Nepal Goes to the Polls After Gen Z Revolution
Nepal holds snap elections on March 5, just five months after Generation Z protesters forced the prime minister's resignation. The vote pits a youth-driven anti-establishment alliance against a seasoned political old guard — with nearly 19 million ballots to decide the Himalayan nation's future.
From Protest to Ballot Box
In seven days, Nepal holds its most consequential election since the fall of the monarchy. The March 5 snap vote was triggered by a violent Generation Z uprising that shook the Himalayan nation last September — and now nearly 19 million voters will choose between an entrenched political old guard and a new wave of leaders determined to rewrite the rules of Nepali democracy.
The Uprising That Changed Everything
What began as protests against a proposed social media ban quickly escalated into a nationwide anti-corruption movement in September 2025. Security forces opened fire on demonstrators, killing at least 19 protesters — the majority under 30 — and wounding hundreds more. The bloodshed forced Prime Minister K.P. Sharma Oli, the 73-year-old chairman of the Communist Party of Nepal (Unified Marxist-Leninist), to resign under pressure.

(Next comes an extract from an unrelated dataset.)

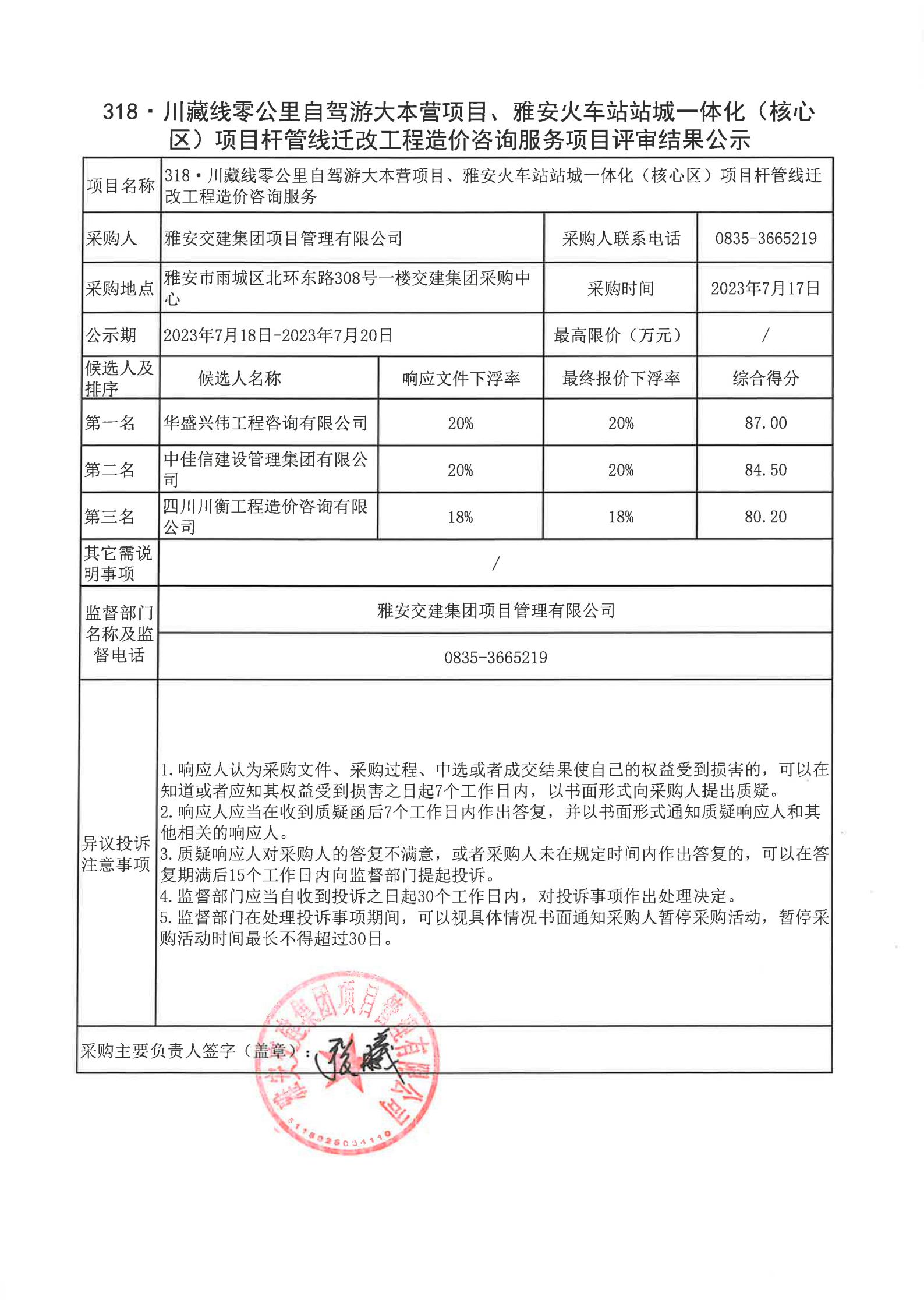 雅安交建集團(tuán)項(xiàng)目管理有限公司318·川藏公路零公里自駕游大本營(yíng)項(xiàng)目、雅安火車站站城一體化(核心區(qū))項(xiàng)目桿管線遷改工程造價(jià)咨詢服務(wù)項(xiàng)目評(píng)審結(jié)果公示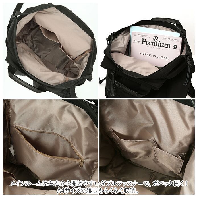 ・荷物を分けやすい3ルーム仕立てで、ポケットが充実♪

Parliament was formally dissolved on September 12. Former Chief Justice Sushila Karki was appointed interim prime minister — the first woman to hold the office — and tasked with organizing credible elections more than a year ahead of schedule. The Election Commission has since mobilized roughly 338,000 security personnel across 10,967 polling stations. Alcohol sales have been banned and the Nepal-India border sealed 72 hours before voting begins.
The Generational Fault Line
The contest crystallizes around a single symbolic face-off. Oli runs directly against Balendra Shah — a 35-year-old rapper and former Kathmandu mayor who became the uprising's de facto figurehead — in the Jhapa district constituency. The two men's names have become shorthand for the election's broader stakes: continuity versus rupture.
Shah is the prime ministerial candidate of the fast-growing Rastriya Swatantra Party (RSP), led by television host Rabi Lamichhane. Their "youth alliance" frames itself explicitly as the political continuation of the September protests. The RSP's manifesto pledges to transform Nepal from a passive "buffer state" into a "vibrant bridge" — positioning the country as a trilateral economic partner balancing India and China rather than a pawn between them.
The energy behind this movement is measurable: more than 915,000 new voters registered since the uprising, over two-thirds of them Generation Z. More than 120 political parties have entered the race — over a third founded after September — making this the most crowded ballot since democracy was restored in 2006.
Old Guard Still in the Fight
Analysts caution against writing off established parties too quickly. Both the CPN-UML and the Nepali Congress — Nepal's dominant forces for decades — are fielding candidates in all 165 first-past-the-post constituencies. The Nepali Congress elected 49-year-old Gagan Thapa as party president, repositioning itself as reformed but experienced. The sheer number of new parties also risks fragmenting the youth-aligned vote, potentially handing advantage to organizations with deeper grassroots machinery.
No party is expected to win an outright majority, meaning the real test may come in coalition negotiations after polling closes — precisely the arena where Nepal's old guard has historically excelled.
Geopolitical Stakes
The election's implications extend well beyond Kathmandu. Nepal has long maintained careful nonalignment between Beijing and New Delhi, but the Atlantic Council warns that the new government "could challenge Nepal's hedging approach toward India, China, and the West." A pivot in either direction would reverberate across South Asia at a moment when both great powers are competing intensively for regional influence.
A Nation at a Crossroads
Nepal has cycled through more than a dozen governments since abolishing the monarchy in 2008. Whether March 5 delivers the accountability that protesters died demanding — or merely reshuffles the deck — will shape the country's democratic trajectory for a generation. The world will be watching a small but strategically placed nation decide whether a revolution can survive the ballot box.